Adobe Systems yesterday hosted “Engage 2008”, an event somewhere between a press presentation and a customer feedback session. As I posted yesterday, AIR and Flex 3 were officially launched the same day. Adobe also unveiled opensource.adobe.com, a Web portal for the company’s open source activities both as a producer (Flex SDK, Tamarin, BlazeDS) and an implementer (WebKit, Open SQL) of open source software.
Ryan Stewart has a good overview of the announcements on his ZDNet blog, The Universal Desktop, and has a list of those tracking the Engage 08 event on his Digital Backcountry blog. I published my own Flickr photostream of the event.
The most significant news of the day is the release of AIR 1.0, Adobe’s development platform and runtime environment for cross-OS “hybrid” applications that, in the words of Adobe CEO Shantanu Narayen, “combine the power of the desktop with the connectivity of the web.” A number of key partners demonstrated applications built on the AIR platform including eBay, Nasdaq, and Yahoo! among others.
For Adobe, AIR is a big bet. In his opening presentation, CEO Narayen described AIR as Adobe’s “fourth platform,” positioning it as the next step in the sequence that begins with PostScript, PDF, and Flash. The first three created disruptive paradigm shifts in their respective fields — typesetting and document printing, electronic document interchange, and Web interactivity — and all generated a great deal of revenue for Adobe. Adobe certainly hopes AIR will follow suit.

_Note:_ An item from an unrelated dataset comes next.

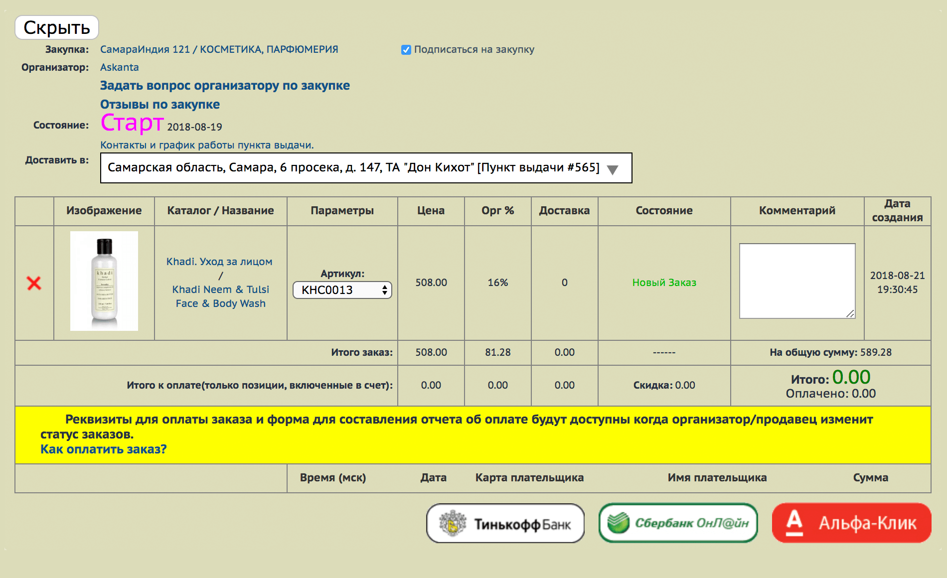 Нове замовлення з'являється в кошику. У міру збору закупівлі у нього змінюється статус. Позначка «Нове замовлення» означає, що організатор збирає закупівлю, а я можу відмовитися від товару в будь-який момент. На цьому етапі новачки оплачують 30-50% від вартості замовлення. Так відбувається в перші дві закупівлі. Потім статус новачка знімається, і ви платите всю суму, коли постачальник надсилає рахунок.

One the challenges Adobe faces is answering the question, “Why AIR?” AIR’s ability to span the gap between the Web and the desktop — arguably its greatest strength — also makes it difficult to communicate the value proposition of the platform. If you focus on any single feature, it’s not clear why the current options wouldn’t suffice. Want cross-platform Win/Mac/Linux support? Write a browser-based app. Need local file access? Create a traditional desktop application. Want rich interactivity online? Use Ajax or Flex or (perhaps in the near future) Silverlight 2. And so on.
Of course, if you need several of these features bundled together in a single app, AIR becomes much more compelling. And while the question of “Why AIR?” wasn’t an explicit topic for any of the presentations at Engage 2008, a number of reasons for selecting the platform emerged throughout the day.
Several of the presenters emphasized the ease of development of AIR applications, particularly for developers coming from a Web background. Adobe CTO Kevin Lynch showed how you can drag and drop content between different AIR applications — something you can’t do with most browser apps or desktop apps today.
Alan Lewis from eBay showed eBay Desktop (formerly known as San Dimas), which officially launched the night before. Lewis emphasized that eBay used AIR not merely to provide offline support for a Web application but, rather, to create a user experience that is difficult to achieve inside the browser. Lewis showed how locally caching the data on eBay’s thousands of product categories allows the program to be highly responsive as the user browses quickly through the categories. When a set of items is returned from an online search query, eBay Desktop uses the PC’s local processing power to scan through the data and dynamically build a list of keyword groupings for further selection. And Lewis stressed that building a AIR-based application let his group create an application that worked “outside the browser paradigm.”
These points underscore why AIR makes sense as a platform for Web-based applications. To some extent, the notion of a “browser-based software application” is an oxymoron. And not just because of all the complications and inconsistencies of cross-browser scripting. The browser’s paradigm of moving forward and backward through scrollable pages is great for delivering online information, but is poorly adapted to creating a software application. It’s amazing how much we have done by stretching (or simply ignoring) the browser paradigm. Outlook Web Access provides many of the features of the Outlook client, but it never feels quite right. Zimbra’s use of Ajax comes a bit closer, but it’s still an imitation of a desktop client. Adobe’s own Flex lets you build true Web-based applications hosted in the browser, but at this point browser — with its scroll bars, Next and Prev buttons, and superfluous menus — is a vestigial appendage encasing the “real” software program. It’s time to take the next step.
AIR doesn’t mean the death of the browser. We’ll still use Web browsers for what they do best: displaying Web content a page at a time. But AIR may finally move Web-based applications out the browser to combine the capabilities of the Web and your personal computer into a single, seamless experience.